Yes, any book you like. Yes, if you're one of the first
five, review the book and then keep it.
Six people have already taken advantage of this great
offer; the next four reviewers will still be guaranteed
the gift certificate or the book of their choice.
Please refer to the
FRUUG Library Page on our site
for details on how to submit a book review.
Our FRUUG library sponsors are reminding us that they are
providing us with review copies of their books in order to get,
well, reviews of them. In order for us to continue to receive
their generous donations, we need to start giving them feedback
on their books. If you check out a FRUUG book, please plan
to write a paragraph on what you thought of the book, or point
out areas that you particularly liked or didn't like. They
don't have to be polished reviews for publication-- they
are reviews for them to improve their books. If you can
manage to put a few words together, please send them (along
with the title and publisher of the book) to gaede at fruug.org
and we'll send it along to the appropriate people.
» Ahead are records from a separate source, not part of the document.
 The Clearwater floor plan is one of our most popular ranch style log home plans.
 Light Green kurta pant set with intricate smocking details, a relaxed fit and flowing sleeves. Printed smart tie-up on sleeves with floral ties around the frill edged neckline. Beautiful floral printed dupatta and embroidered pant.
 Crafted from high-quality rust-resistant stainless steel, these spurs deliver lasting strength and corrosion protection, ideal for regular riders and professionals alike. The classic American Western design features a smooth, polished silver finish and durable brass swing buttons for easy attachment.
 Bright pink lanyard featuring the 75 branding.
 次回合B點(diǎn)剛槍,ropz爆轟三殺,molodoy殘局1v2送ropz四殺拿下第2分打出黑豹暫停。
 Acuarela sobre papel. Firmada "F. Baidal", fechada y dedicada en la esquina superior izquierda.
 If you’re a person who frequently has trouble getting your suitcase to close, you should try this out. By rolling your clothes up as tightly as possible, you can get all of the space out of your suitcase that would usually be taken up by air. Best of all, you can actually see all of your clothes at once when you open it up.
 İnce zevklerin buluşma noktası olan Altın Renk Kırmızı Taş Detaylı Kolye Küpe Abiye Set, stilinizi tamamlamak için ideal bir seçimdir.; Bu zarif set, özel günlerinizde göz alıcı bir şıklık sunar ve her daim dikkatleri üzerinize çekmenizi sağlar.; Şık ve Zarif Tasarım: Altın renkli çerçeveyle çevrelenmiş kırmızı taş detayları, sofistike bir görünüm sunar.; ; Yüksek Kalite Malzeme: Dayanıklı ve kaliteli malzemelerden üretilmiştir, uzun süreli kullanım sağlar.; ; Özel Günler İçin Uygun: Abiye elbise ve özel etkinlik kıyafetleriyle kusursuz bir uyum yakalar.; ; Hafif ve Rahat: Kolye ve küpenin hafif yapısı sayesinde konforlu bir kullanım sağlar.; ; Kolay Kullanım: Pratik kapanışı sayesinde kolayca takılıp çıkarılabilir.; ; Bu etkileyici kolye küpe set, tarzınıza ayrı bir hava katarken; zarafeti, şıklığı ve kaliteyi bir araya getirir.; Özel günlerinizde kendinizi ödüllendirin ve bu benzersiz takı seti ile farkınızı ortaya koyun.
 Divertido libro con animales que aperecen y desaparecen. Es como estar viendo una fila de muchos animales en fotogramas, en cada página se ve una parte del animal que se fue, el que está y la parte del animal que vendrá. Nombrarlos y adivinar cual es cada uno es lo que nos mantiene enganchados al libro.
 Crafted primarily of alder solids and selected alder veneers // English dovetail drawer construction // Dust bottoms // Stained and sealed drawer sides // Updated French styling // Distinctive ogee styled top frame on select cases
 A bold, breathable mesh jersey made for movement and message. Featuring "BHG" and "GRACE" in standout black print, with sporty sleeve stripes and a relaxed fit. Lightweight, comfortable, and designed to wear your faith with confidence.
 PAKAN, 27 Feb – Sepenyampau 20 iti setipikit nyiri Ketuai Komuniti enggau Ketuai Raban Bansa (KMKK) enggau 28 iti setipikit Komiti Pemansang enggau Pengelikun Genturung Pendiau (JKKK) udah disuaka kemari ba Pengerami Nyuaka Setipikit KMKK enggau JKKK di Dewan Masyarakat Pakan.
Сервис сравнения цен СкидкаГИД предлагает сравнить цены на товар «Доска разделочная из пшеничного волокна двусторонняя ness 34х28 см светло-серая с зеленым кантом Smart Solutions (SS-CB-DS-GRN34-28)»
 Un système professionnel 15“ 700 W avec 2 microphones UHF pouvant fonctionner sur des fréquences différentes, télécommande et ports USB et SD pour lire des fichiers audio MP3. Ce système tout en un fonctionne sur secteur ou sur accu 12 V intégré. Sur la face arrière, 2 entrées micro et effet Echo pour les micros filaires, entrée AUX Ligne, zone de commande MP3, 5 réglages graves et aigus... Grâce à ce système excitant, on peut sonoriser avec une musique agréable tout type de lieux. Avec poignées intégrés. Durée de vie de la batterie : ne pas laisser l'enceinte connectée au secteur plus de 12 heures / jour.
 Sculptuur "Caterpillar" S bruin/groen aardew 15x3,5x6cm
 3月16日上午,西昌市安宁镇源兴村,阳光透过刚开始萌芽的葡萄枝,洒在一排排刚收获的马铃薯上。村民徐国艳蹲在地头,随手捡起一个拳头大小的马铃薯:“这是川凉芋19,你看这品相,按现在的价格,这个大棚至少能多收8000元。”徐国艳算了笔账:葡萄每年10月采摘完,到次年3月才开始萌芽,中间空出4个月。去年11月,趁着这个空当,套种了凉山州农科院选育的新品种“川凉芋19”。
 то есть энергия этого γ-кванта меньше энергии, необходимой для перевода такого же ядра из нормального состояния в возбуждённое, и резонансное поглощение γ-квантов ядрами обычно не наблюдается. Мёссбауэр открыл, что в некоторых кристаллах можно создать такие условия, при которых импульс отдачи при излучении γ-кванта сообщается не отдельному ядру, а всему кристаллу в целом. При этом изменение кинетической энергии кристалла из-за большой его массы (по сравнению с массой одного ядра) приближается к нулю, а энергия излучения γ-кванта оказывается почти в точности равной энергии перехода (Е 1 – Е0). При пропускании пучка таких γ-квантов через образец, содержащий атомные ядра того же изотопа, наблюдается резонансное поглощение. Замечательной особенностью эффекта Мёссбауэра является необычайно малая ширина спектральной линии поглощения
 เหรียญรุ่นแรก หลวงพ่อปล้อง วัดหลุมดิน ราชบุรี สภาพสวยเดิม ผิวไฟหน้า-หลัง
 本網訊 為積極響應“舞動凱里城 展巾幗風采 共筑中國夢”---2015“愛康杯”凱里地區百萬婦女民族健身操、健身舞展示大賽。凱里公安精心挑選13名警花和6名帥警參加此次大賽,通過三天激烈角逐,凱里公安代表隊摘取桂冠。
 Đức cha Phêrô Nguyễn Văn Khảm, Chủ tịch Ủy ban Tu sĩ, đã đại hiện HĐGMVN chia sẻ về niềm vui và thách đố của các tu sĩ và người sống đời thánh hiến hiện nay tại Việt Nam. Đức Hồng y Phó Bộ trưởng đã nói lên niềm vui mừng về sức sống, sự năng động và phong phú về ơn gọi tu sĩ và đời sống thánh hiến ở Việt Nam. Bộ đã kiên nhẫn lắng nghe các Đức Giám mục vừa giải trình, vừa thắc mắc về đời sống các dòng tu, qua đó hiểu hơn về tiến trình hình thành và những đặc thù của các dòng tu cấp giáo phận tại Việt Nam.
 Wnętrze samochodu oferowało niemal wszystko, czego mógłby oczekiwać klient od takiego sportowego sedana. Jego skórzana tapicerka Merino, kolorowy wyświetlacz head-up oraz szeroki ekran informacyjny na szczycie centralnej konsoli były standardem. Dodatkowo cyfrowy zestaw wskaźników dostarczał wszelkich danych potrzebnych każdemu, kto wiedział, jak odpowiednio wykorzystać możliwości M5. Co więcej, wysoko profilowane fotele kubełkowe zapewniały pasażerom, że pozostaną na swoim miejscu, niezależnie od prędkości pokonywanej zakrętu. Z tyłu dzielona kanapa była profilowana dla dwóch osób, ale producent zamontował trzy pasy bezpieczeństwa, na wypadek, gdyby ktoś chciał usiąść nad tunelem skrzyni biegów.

New in the library this month are:
- Building Wireless Community Networks, from O'Reilly & Associates
- Building Linux Virtual Private Networks (VPNs), from New Riders
- DNS and BIND, 4th Edition, from O'Reilly & Associates
- Designing with JavaScript, 2nd Edition, from O'Reilly & Associates
- Hardening Cisco Routers, from O'Reilly & Associates
- Proceedings of BSDCon 2002
San Francisco, California, February 2002, from the USENIX Association
- Proceedings of the Conference on File and Storage Technologies,
Monterey, California, January 2002, from the USENIX Association
- System Performance Tuning, 2nd Edition, from O'Reilly & Associates
- Using SANs and NAS, from O'Reilly & Associates
- Web Services Essentials, from O'Reilly & Associates
You may check out books using your business card as your
library card; you must be on the membership list to check books out. Books
are due at the meeting following the one in which they are checked out.
Remember that your FRUUG membership entitles you to discounts
on your book orders from both New Riders Publishing and O'Reilly &
Associates; refer to the FRUUG Web site for details.